The Novel: Characters Rebel


I have read authors say that sometimes, you think a character’s going to do one thing, and then as you type along the character does something else.

“Horseshit,” I think, because I am a lady. “How could that happen? The characters are imaginary. They don’t think any thoughts without the writer putting those thoughts there.”

Of course, I’m not actually writing anything at this point. I’m making an absurdly detailed outline. I was working on exactly how I will get to my Big Midpoint Scene, in which the male friend earns the hatred of the heroine by revealing his participation in the big sting and I realized, “What am I thinking? He would never do that. It goes against all his principles.”

I think I can get around it by having him participate in the scheme on a limited basis. That gives me a chance to keep the outline as it is, and then it gives him a chance to spell out what his principles are, in case his principles aren’t clear by then.

Right now he’s stomping the dust off his boots and giving me a look that says, “What were you thinking? Do you even KNOW me?”


8 responses to “The Novel: Characters Rebel”

  1. HA. That’s the thing, imaginary characters can *totally* do that, and yes, it sounds all woo-woo and stupid the way most people say it, but yes, I think most of the time it boils down to an internal-consistency who-this-person-is thing: would this person pass the marshmallow test or not? If oh, yeah, they’d be jamming that marshmallow in their mouth as soon as the researcher tells them the conditions, then no, they’re unlikely to use/have the self-control to hold back when there’s something they want right in front of them… etc.
    I mean, there’s also that your unconscious brain can surprise your conscious brain with things, too.
    But that does sound like you’re getting more and more a feel for what’s plausible/natural vs. unlikely for characters in your novel, and that is a Good Thing for ending up with something that makes sense out the other side of this process. Congratulations!

  2. I find that hilarious (and also oddly gratifying). 🙂 Although, perhaps, with the Proust questionnaire, it should be a madeleine instead of a marshmallow…
    (I would incidentally note that there has been followup research on the marshmallow tests and variants, which I have *no* idea how it got past the ethics boards, that demonstrate that when researchers leave a sheet of stickers with kids, saying “if you don’t use these stickers, I’ll bring a bunch of sheets for you to use on your art project” and then *fail* to follow through on their promise to bring more stickers and when they come back, oops, time is up, no time for art project, no stickers for you at all… then the kids, next time, *use* the stickers instead of waiting, showing a correctly adaptive response to The Way Things Apparently Work. and I think this is a correctly adaptive response in the marshmallow test, sometimes – if a kid is normally in circumstances such that if you don’t grab a thing now, it’ll go away, then you *eat the marshmallow* of course, because that’s what gets you one marshmallow instead of zero. What the kid has learned to do from their life up until now is, of course, going to be either positively adapted [functional] or maladaptive [not-ideally-functional] depending on what circumstances they get thrown into, but… yeah. It’s not that the kid is “not as smart” or “not able to do things even in their own self-interest” – it’s that what the kid has been trained on in terms of expectations and reliability/stability – and therefore what *is* the way of optimizing any given situation – turns out to be fundamentally different from the researchers’ assumptions. At least in part.)

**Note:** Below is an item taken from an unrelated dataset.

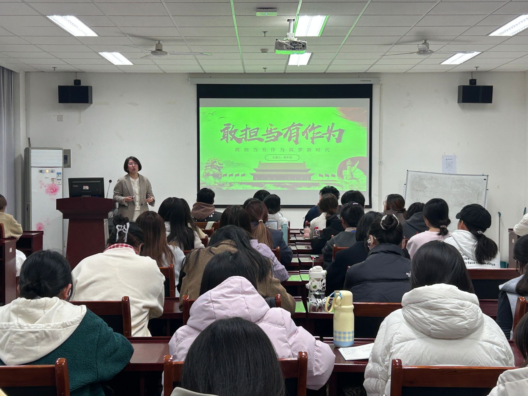 李开云以“敢担当有作为,筑梦新时代”为主题,通过何为“担当作为”“担当作为是党员的基本素质”“新时代党员干部如何担当作为”三个章节,阐释了担当精神的内涵,引导学员在专业学习、社会服务中主动扛起责任,以实干实绩向党组织靠拢。

  3. Ethics boards have been… developing, we’ll say… over the last century or so.
    Aka: I’m not actually sure that they had to pass psychology research past any ethics boards at that time! I think there were some medical-trials ethics in place, however (including consent). The Stanford Prison experiment is also a really really weird and really really creepy one.
    It is also possible that, since there wasn’t actually any shocking going on, that modern ethics boards would have cleared Milgram, anyway; I’m not quite clear on what the ethics boards consider to be psychological damage (apparently they were recently still chill with demonstrating that you can teach small children that authority figures can’t be trusted to follow through on promises, so… I have no clue).

  4. Yeah, I had heard of it, and apparently Cult Murder Leader Jones tried to get teacher-Jones to spill as to how he had created that environment, but he wouldn’t. It’s… good… to remember that we need to keep an eye on ourselves and on our environments.

  5. KC – evidently there’s an interesting doc by one of the Third Wave students. Interesting in times of fascism.